Ученики повскакали с мест, но классный наставник, который вел урок, призвал их к порядку.
— Почему семинаристам и гимназисткам можно на демонстрацию, а нам нет?! — гудел класс, но историк переводил свой оловянный взгляд с ученика на ученика, и вскоре наступила тишина.
— Мы не имеем права срывать урок,— сказал он.— Если вам хочется на демонстрацию, идите после уроков.
В классе снова загудели.
— Стало быть, вам хочется идти на демонстрацию, чтобы не учиться?! Революционеры...— Учитель покачал головой.
В этом была какая-то доля истины, но гимназисты снова подняли шум.
Вдруг дверь стремительно отворилась, и в класс вошел сам директор. Под его орлиным взором все разом притихли.
— Вы знаете председателя Государственной думы Родзяико? — спросил он решительно и, получив утвердительный ответ, спросил снова:—А что сказал Родзяико как руководитель Временного правительства?
За год перед тем Родзянко посетил гимназию как попечитель. Ивась никогда не видел таких высоких особ и смотрел, как на чудо, на этого гигантского роста мужчину, рядом с которым даже представительный, одетый в шитый золотом мундир действительного статского советника Михаил Антонович казался гоголевской куропаткой.
Председатель Государственной думы!
Тогда Родзянко не зашел к ним в класс, но посетил службу в гимназической церкви, пел вместе с хором «Многая лета» и — это больше всего поразило Ивася — положил на тарелку пожертвований целых десять рублей.
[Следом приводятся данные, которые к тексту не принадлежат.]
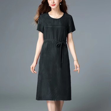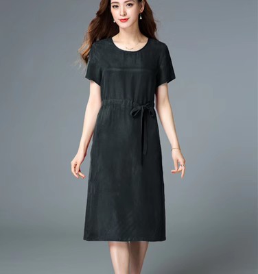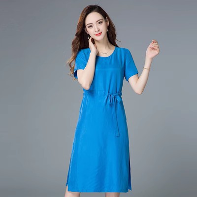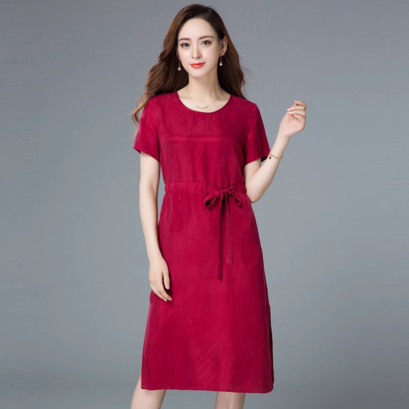 Главная страница > Свободное Тяжелое медное аммиачное шелковое платье с узкой талией женское 2023 летнее Новое шелковое платье с коротким рукавом больших размеров, однотонное платье с темпераментом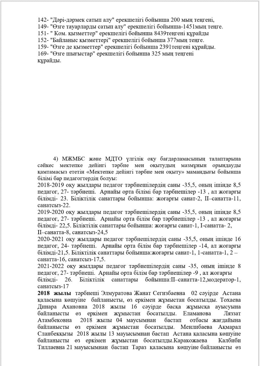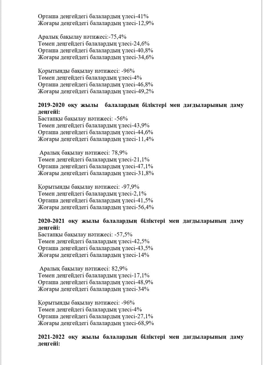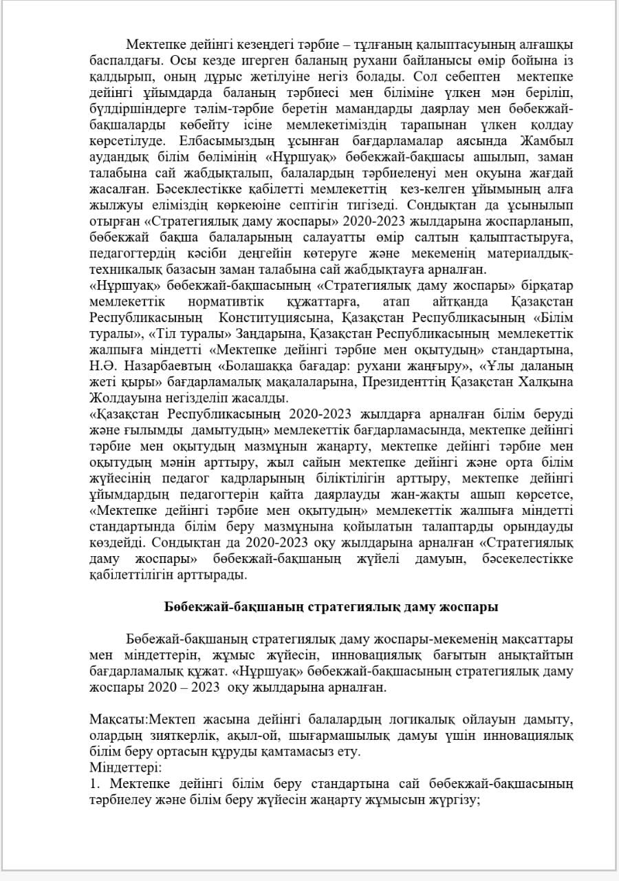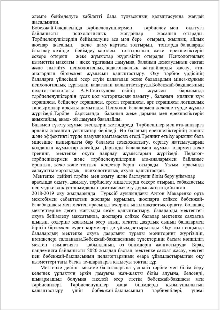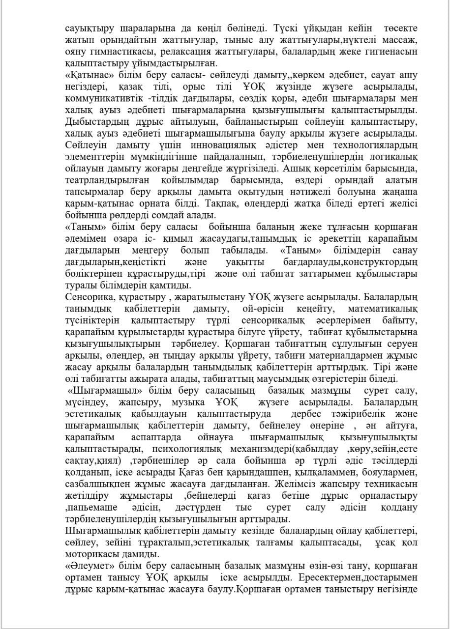 КМҚК "Нұршуақ"бөбекжай-бақшасы" мекемесінің өзін-өзі бағалау ҚОРЫТЫНДЫСЫ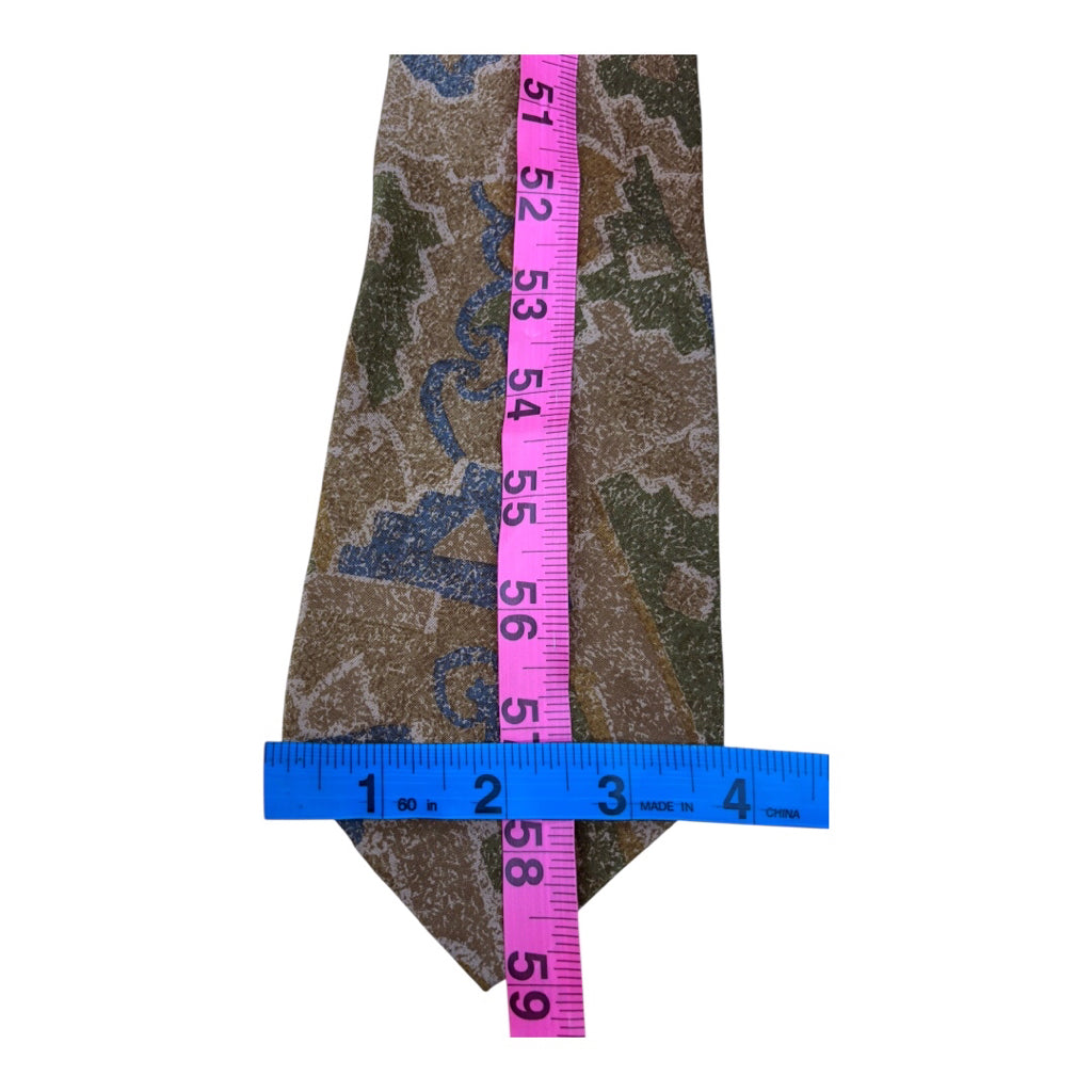 Vtg Pure Silk Fendi Brown Blue Green Design Mns Tie

Тарелку носили по рядам гимназистов, и эта десятка среди медяков и десятикопеечных марок, которыми во время войны заменили серебряные деньги, вызывала
у молящихся едва слышный, но выразительный гул изумления.
Такая щедрость! Ивась знал, что у Родзянко сорок тысяч десятин земли только у них в уезде, но этих сорока тысяч он не видел, а десятка была перед глазами...
Что сказал Родзянко как глава Государственного комитета членов Государственной думы, никто из гимназистов не знал.
— Он сказал,— заявил директор строго: — «Каждый, кто хочет поддержать революцию, должен поддерживать порядок!» Кто против революции, пусть идет на демонстрацию к семинаристам! Кто за революцию, пусть сидит на уроке! Кто идет? — И после паузы: — Никого? Правильно! — И директор тем же решительным шагом покинул класс.
Ученики загудели, но никто не отважился присоединиться к демонстрации. Ивась видел в окно, как демонстранты, потоптавшись с полчаса, повернули от гимназии и скрылись за домами.
«Жаль, что не пустили, но если так хочет Родзянко, значит, так и надо для революции»,— подумал он и вздохнул, как делают все послушные мальчики.
Вечером квартирный хозяин разговаривал со своим соседом — почтовым чиновником.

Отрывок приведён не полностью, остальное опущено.